Good sources of manganese include:
- Whole grains
- Leafy greens
Should I take a fertility vitamin supplement?
While many of these nutrients can be found in food, it can be difficult to get enough through diet alone. This is especially true when you are trying to conceive. Supplements can help fill in the gaps and prepare your body for conception.
Although many women only begin taking a prenatal nutritional supplements after she is pregnant, it is actually more beneficial to begin before trying to conceive. Taking a prenatal supplement 6-12 months before you start trying can give your body time to build up the nutrients necessary to support healthy fetal development and provide the best opportunity of having a healthy pregnancy and delivery.*
It’s important to remember that every woman’s nutritional needs are unique and no nutritional supplement alone can guarantee pregnancy. However, research suggests that having adequate levels of certain nutrients in your blood can improve your chances of conceiving.*
*These statements have not been evaluated by the Food and Drug Administration.
Fertility vitamins: Takeaway
When you’re trying to conceive, it’s helpful to figure out a nutritious diet that makes you feel your best. Getting in the right vitamins for fertility can potentially increase your chances of conceiving and support a healthy pregnancy. While many of these vitamins can be found in everyday food, if you’re having trouble getting in the recommended amounts, you can also take supplements. Regardless of how you get your nutrients in, fueling your body with fertility vitamins is a great way to support your conception journey while supporting your overall health.
Frequently Asked Questions (FAQ)
Which vitamin is best for fertility? There are a variety of fertility vitamins that boost your chances of conceiving, including folates, iron, vitamin C, D, and E, and zinc.
What pregnancy vitamins should I take when trying to conceive? The type of vitamins you take depends on how many fertility vitamins you’re naturally getting in through your typical diet. For example, you can take folic acid or vitamin D supplements if you’re not getting the recommended daily amount in your diet.

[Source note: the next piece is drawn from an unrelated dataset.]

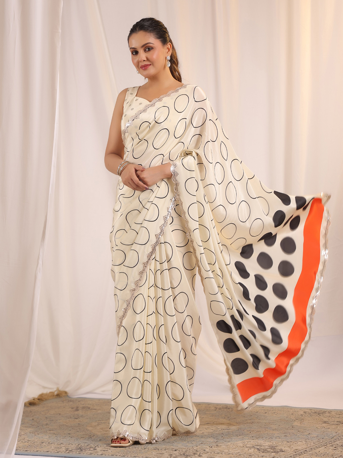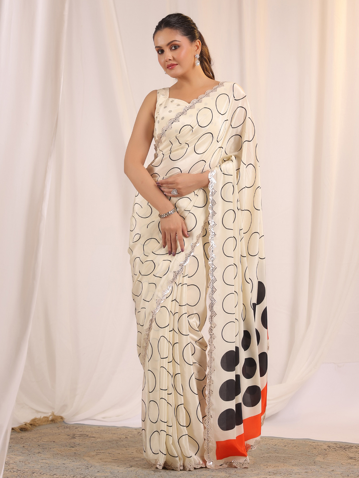 Elegant and festive, this white crepe silk blouse features printed accents and sparkling aabla work. A graceful choice for celebrations like raksha bandhan or poojas, it blends timeless design with a light, contemporary feel.

What fertility supplements actually work? Folic acid, zinc, vitamin E, and iodine are some fertility vitamins that have helped lead to conception and healthy pregnancy. You can add these vitamins within your diet or take them as supplements (be sure to consult a healthcare professional for the latter).

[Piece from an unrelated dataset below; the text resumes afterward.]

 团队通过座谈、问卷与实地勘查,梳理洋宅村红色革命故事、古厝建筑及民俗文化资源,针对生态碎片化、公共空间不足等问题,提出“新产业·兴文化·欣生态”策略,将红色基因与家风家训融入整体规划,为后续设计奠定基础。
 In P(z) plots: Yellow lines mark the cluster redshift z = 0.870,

Do fertility vitamins really work? Like certain foods, there are many fertility vitamins that may or may not work for you. There is no one-size-fits-all approach when it comes to the right vitamins for fertility, but some nutrients and supplements may support your conception journey.
Which vitamin fights against infertility? People who consume more calcium may be less likely to deal with infertility problems or ovulatory disorders. Iodine has been proved to increase rates of conception for those with infertility issues.